Scientists have successfully managed to wake a series of microbes that had remained “asleep” for at least 100 million years. The microbes that existed during the dinosaurs’ time have shown traces of growth in the latest studies.
A team of scientists in the US and Japan says that these prehistoric microorganisms began to grow and divide despite having entered an energy-saving state when dinosaurs were still walking on Earth.
The microbes belonged to ten different bacteria groups and were recovered from sediments mined in 2010 at the bottom of the South Pacific Gyre, one of the most deserted parts of the ocean in terms of nutrients.
“Our results suggest that microbial communities widely distributed in organic-poor abyssal sediment consist mainly of aerobes that retain their metabolic potential under extremely low-energy conditions for up to 101.5 million years,” write researchers in their study.
To obtain samples of the maximum possible depth, they drilled wells of up to 100 meters in the seabed at 5,700 meters below the surface.
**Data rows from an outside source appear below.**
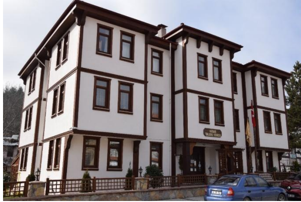
Foto 28. Hisar Talebe Yurdu, 2013-2015

Hisarardı Mahallesinde bulunan Özel Hisar Talebe Yurdu da benzer bir yaklaşıma sahiptir. Dört katlı betonarme yapının cephelerindeki çıkmalar, dikey, yatay şeritler, çatı ve çıkmaların altındaki destek öğeleri ile bütünleşen renk dokusu geleneksel mimariyi andırmaktadır (Foto.28).
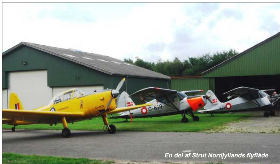
En del af Strut Nordjyllands flyflåde
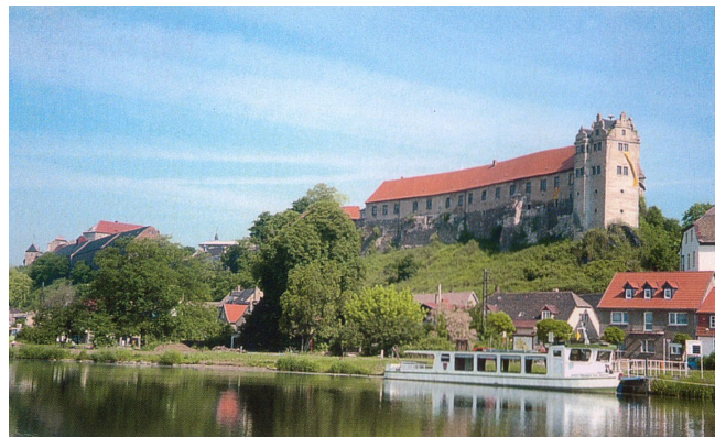
Stammburg Wettin an der Saale

Das Haus Wettin ist nach den Welfen das älteste urkundlich nachgewiesene Geschlecht des deutschen Adels, dem eine besondere Bedeutung für die Landesgeschichte heutiger deutscher Länder wie Sachsen, Thüringen, Sachsen-Anhalt u. Bayern mit Coburg zukommt.
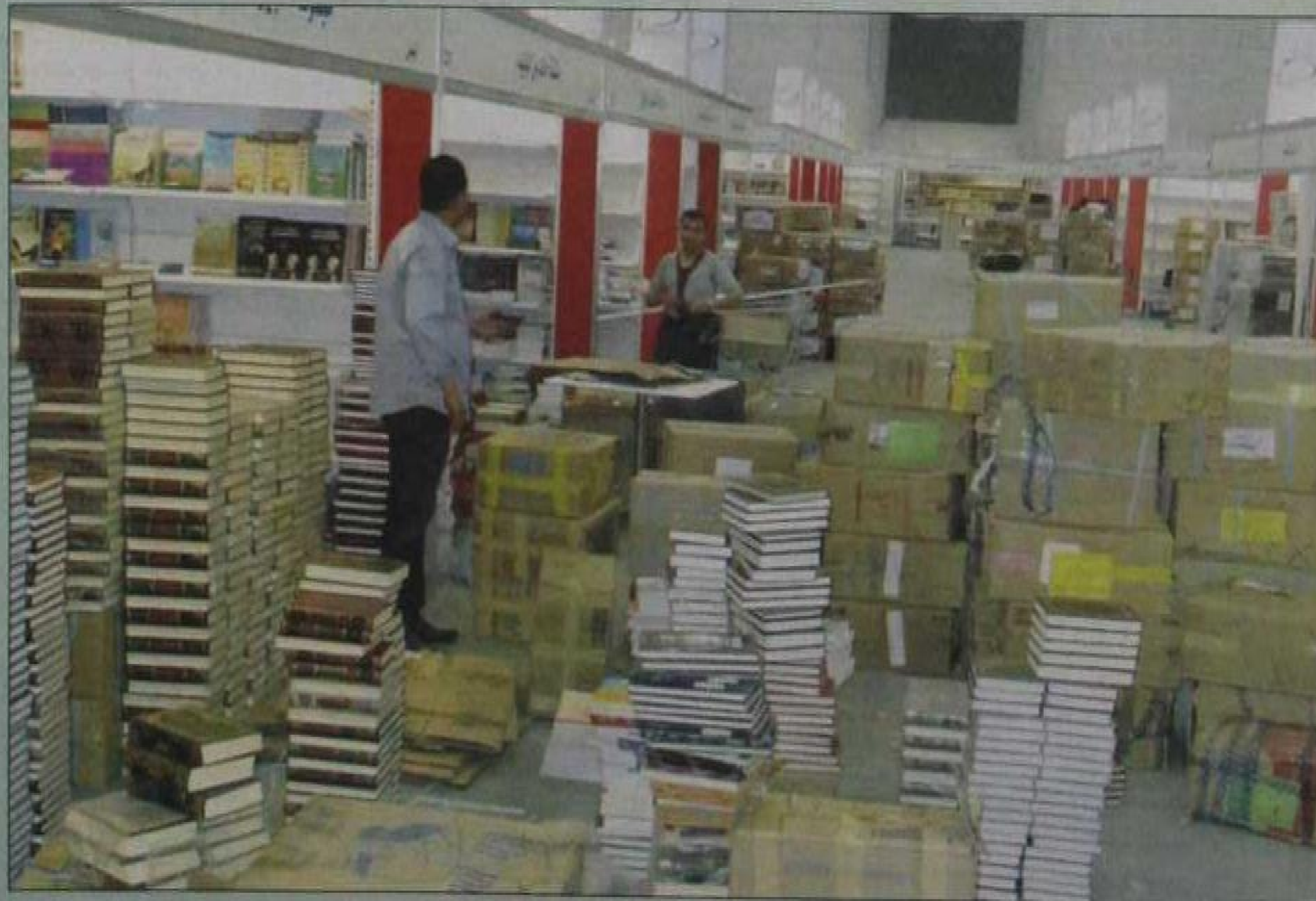
هكذا ظهرت الاستعدادات الأخيرة لأكثر من 1700 عارض

التاريخ: 2014-03-04 رقم العدد: 16689 رقم الصفحة: 34 مسلسل: 184 رقم القصة: 2
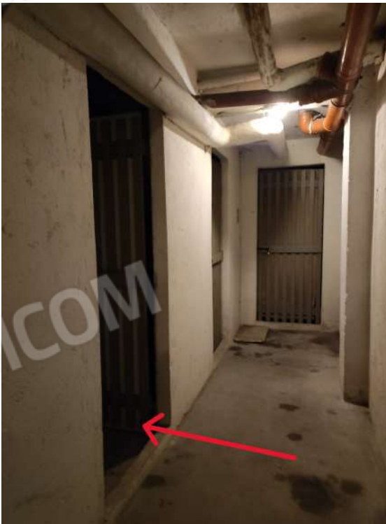
Ingresso alla cantina
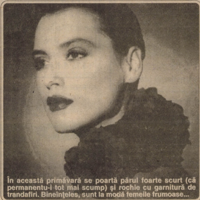
În această primăvară se poartă părul foarte scurt (că permanentu-i tot mai scump) și rochie cu garnitură de trandafiri. Bineînțeles, sunt la modă femeile frumoase...

Chelia îi costă pe australieni 50 milioane dolari anual atunci când ea afectează turmele de oi, anunță REUTERS. Australia, cel mai mare exportator mondial de lână, a fost confruntată cu o scădere dramatică a producției după ce 30 din cele 140 milioane de oi crescute pe continent au început să chelească. Boala se datorează stresului, afirmă cercetătorii, iar oaia este un animal sensibil și se stresează când e gravidă, când e vaccinată și chiar când e transferată de la o stână la alta. Din fericire, aceiași cercetători sunt pe cale de a pune la punct un soi din iarbă modificată genetic, care va conține un amino-acid (metionină) ce oprește căderea firelor de lână. În 1933, Australia a câștigat 3,3 miliarde din exportul de lână.
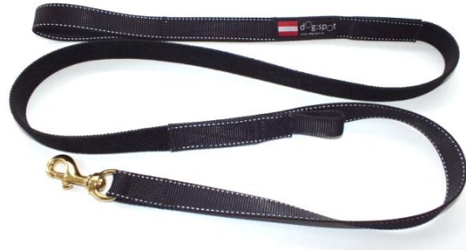
Jöringleine für Canicross aus Gurtband und Flachgummigurtband
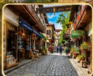
เดินเล่นย่านเมืองเก่าบรรยากาศย้อนยุค
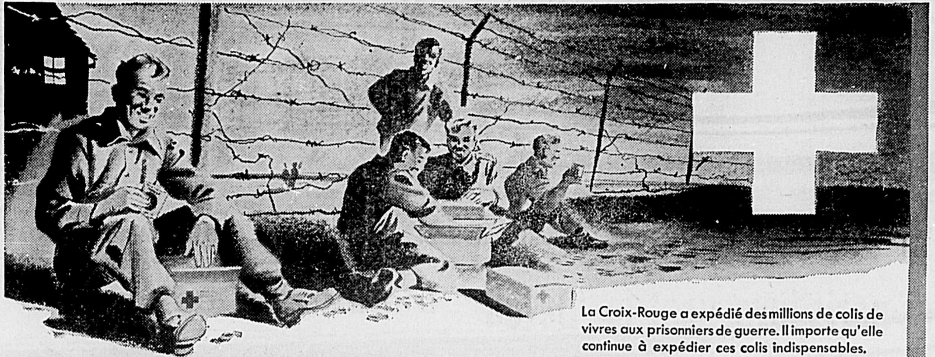
La Croix-Rouge a expédié des millions de colis de vivres aux prisonniers de guerre. Il importe qu'elle continue à expédier ces colis indispensables.

Londres — Durant la dernière guerre, la Grande Bretagne avait 5,000,000 hommes sur le champ de bataille. En ce qui concerne l'armée, la marine et l'aviation,
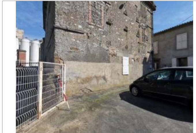
Portail blanc - Photo © AGERIN

Coordonnées WGS84 : X: 2.19359898 / Y: 43.76176726
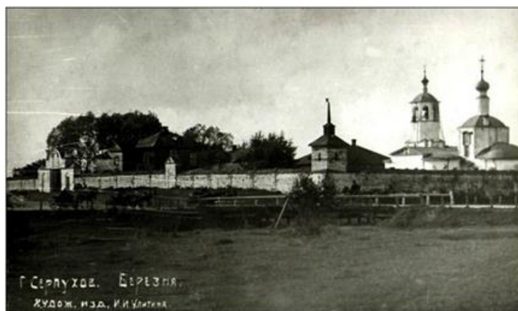
Рис. 3 фотография церкви Николая в погосте Березня между 1918 и 1930 годом, фото И. И. Улитина из личного собрания Ю. Соломатина.

Необходимо обратить внимание на пирамидальное завершение храма и отсутствии пятиглавия на восьмерике. Это может говорить о том, что прообразом в возведении данного храма как раз и стал Троицкий собор. Конечно же как можно видеть даже на этой фотографии архитектура церкви не такая изящная как у Троицкого собора, но и нужно понимать, что Троицкий собор на тот момент – это главный храм города, а церковь на небольшом погосте играет второстепенную роль. Отсюда и скупость в архитектурном оформлении, но зато прослеживается четкость силуэта и стремление к высоте храма.
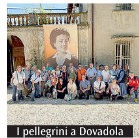
I pellegrini a Dovadola
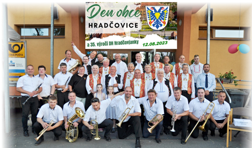
Dechová hudba Hradčovianka, Mužská spevácka skupina Kátlovani a Mužský spevácky zbor Hradčovice
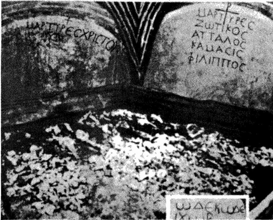
Martirionul de la Niculițel-Tulcea, cu moaștele și numele martirilor Zotikos, Attalos, Kamasis și Filippos din sec. IV-V.

Doamne» (nr. 59), toți termeni sau formule potrivite pentru situația celor repauzați. Sunt dese inscripțiile cu textul «Maria naște pe Hristos» (nr. 139,1; 140,1; 141,1; 142,1; 143,1; 144,1 etc.) sau care vorbesc despre Maica Domnului (nr. 74; 228,2-3; 263,1 etc.). Textele mariologice datează după sinoadele de la Efes (431) și Calcedon (451). Cum era firesc, inscripțiile semnaleză credința puternică în înviere (92; 94; 95; 97); cei vii sunt obligați să îngrijească mormintele celor decedați, căci vor veni și ei acolo (nr. 208); prin moartea lui Iisus Hristos se obține învierea (nr. 94; 173); crucea Lui e «crucea morții și a învierii» (nr. 173); «am murit întru nădejdea învierii și a gustării vieții veșnice» (nr. 92). În unele inscripții de tranziție de la păgânism la creștinism se vorbește de «Câmpiile Elizee» ca loc fericit pentru sufletele dreptilor (nr. 21), sau că după moarte sufletul se urcă la cer și se preface într-o stea (nr. 221). Biserica este «sfântă» și «universală» (nr. 45,2-6; 11 a), ecou al simbolului de credință niceo-constantinopolitan (325, 381), ea cinstește îndeosebi pe Sfinții Apostoli Ioan, Petru și Pavel, are martiri ca Zotikos, Attalos, Kamasis și Philippos (nr. 267) la Niculițel, apoi la Tomis, Axiopolis etc., este slujită de episcopi, preoți, diaconi, citeți și ipodiaconi, administratori, catehumeni, neofiți, împreună slujitori credincioși. 5

The researchers, led by geomicrobiologist Yuki Morono of the Japan Marine Science and Technology Agency, incubated the sleeping microbes for 557 days in a laboratory.
Carbon and nitrogen sources such as ammonia, acetate, and amino acids were supplied to see if they subsequently succeeded in removing them from their torpor.
“It is surprising and biologically challenging that a large fraction of the microbes revived after being buried and trapped for so long in conditions of extreme nutrient and energy deficiency,” admits Morono.
Microbes are aerobic — they require oxygen to live — and oxygen was present in the sediment samples.
According to the researchers, this means that if sediments accumulate gradually on the seafloor, at a rate not exceeding a yard or two every million years, oxygen can remain present and allow these microorganisms to survive for extraordinary periods of time.
“I was skeptical at first, but we found that up to 99.1% of microbes in sediments deposited 101.5 million years ago were still alive and able to grow,” says study co-author Steven D’Hondt of the University of Rhode Island.
“Maintaining a physiological capacity for 100 million years in starving confinement is an impressive feature. We want to understand how these ancient microbes evolved, if at all.
This study shows that the subsoil is an excellent location to explore the limits of life on Earth, explain the researchers.
The paper describing the incredible characteristics of the microbes has been published in the Journal Nature Communications.
This is a great achievement since direct evidence of the physiological nature, and survival status of microbial cells in this extremely energy-poor setting is poorly documented.
In addition to proving how resistant some microbes on Earth are, the recent study helps us better understand the possibility of similar microbes existing on other planets or moons in our solar system.
Mars, for example, was likely a planet very similar to Earth in the past.
Although there is currently no evidence of present life on Mars, new exploratory missions of the red planet could help reveal whether such microbes could survive beneath the surface of Mars as well.